Palabras clave: historia, patrimonio, valor, ingeniería.
This article is a brief reflection on the genesis of a theory about the values of the civil engineering heritage and the contributions that have enriched them over time. It is a controversial issue because of its implications with the policies for the conservation of that heritage, and they are values that are constantly changing, such as society’s view of engineering work.
Keywords:history, heritage, value, engineering.
José Ramón Navarro Vera
Ingeniero de caminos
La axiología, la teoría de los valores, ha sido uno de los temas recurrentes de los que se ha ocupado la filosofía desde sus orígenes clásicos. Desde Sócrates y Platón a Kant y Scheler, se ha explorado la esfera de los valores, en especial de los morales y estéticos.
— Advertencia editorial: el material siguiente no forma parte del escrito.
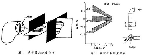 高溫電磁流量計流體流過彎管后,下游產(chǎn)生流速分布畸變,若是兩只鄰近相接的不同平面彎管,除流速分布畸變外還會有漩渦。這些現(xiàn)象要影響裝在下游的大部分類型流量儀表(除容積式等少數(shù)類型外)的測量值,因此通常要求在流量儀表安裝點之前有一定長度直管段,改善進入儀表的流動狀況。高溫電磁流量計受彎管影響較小,直管長度要求也遠低于節(jié)流差壓式、渦街式等其他流量儀表。但是當前高溫電磁流量計精度為測量值的0.5%,甚至0.2%~0.4,即使影響量較小,還是受到人們的關注。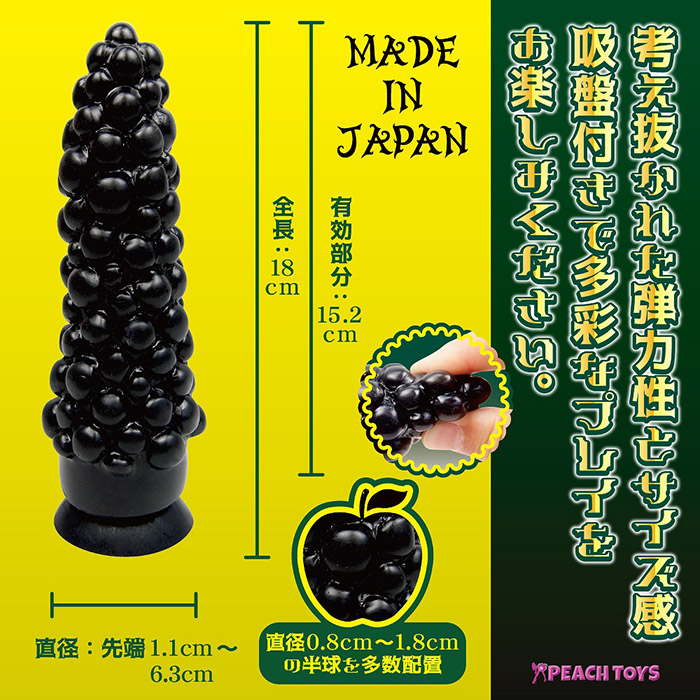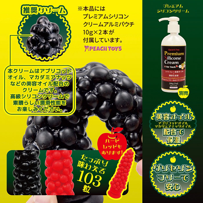 ゴツゴツとした突起がアナル内部を刺激する一風変わったディルドをお探しの方は注目!ブドウのような大小様々な大きさの房が103粒付いたディルドが登場しました!プニプニと弾力のある柔らかなボコボコ形状で入口や膣壁をコリコリと擦りながら刺激します。アプリコットオイル、マカダミアナッツなど美容オイル配合のプレミアムシリコンクリーム付きで、お肌に優しくスルスルと挿入できる潤滑性能を誇り、グリセリンフリーなので安心安全です。底には吸盤がついているので、床や壁に固定してフリーハンドでお使い頂けます。本体サイズ:18.0×Φ1.1-Φ6.3cmパッケージサイズ:23.5×15.0×6.5cm重量:250g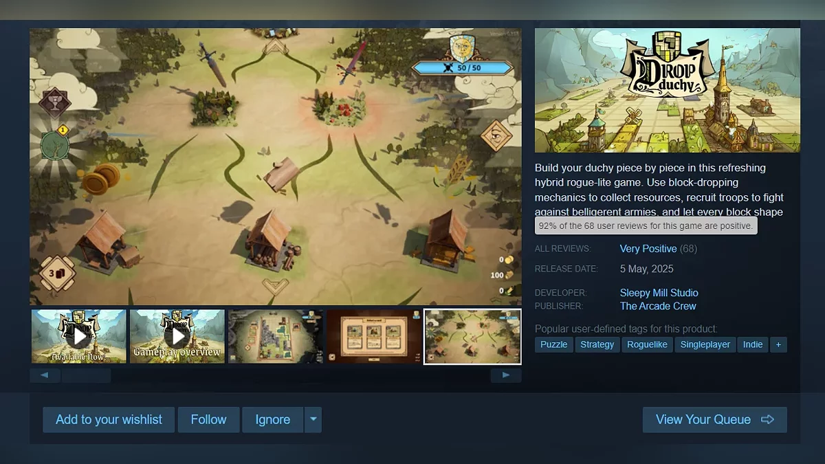 Компанія-видавець The Arcade Crew та студія-розробник Sleepy Mill випустили на PC рогалик під назвою Drop Duchy, який також поєднує в собі жанри головоломки, містобудування та карткової гри. У Steam проект отримав дуже позитивні відгуки.

Para la finalidad de este artículo, entendemos el “valor” como una cualidad de las cosas de lo que se deriva una estimación positiva o negativa. Para Ortega, los valores son creencias ligadas a los afectos que rigen la vida y la acción humana. Los valores son objetivos y rechazan lo arbitrario e irracional. Este filósofo define el valor por “su carácter objetivo consistente en una dignidad positiva o negativa que en el acto de valoración reconocemos. Valorar no es ‘dar’ valor a quien por sí no lo tenía; es reconocer un valor residente en el objeto (…). No es la percatación de un hecho, sino de un derecho”. En este sentido, como reconocimiento de un derecho, valorar implica una posición ética.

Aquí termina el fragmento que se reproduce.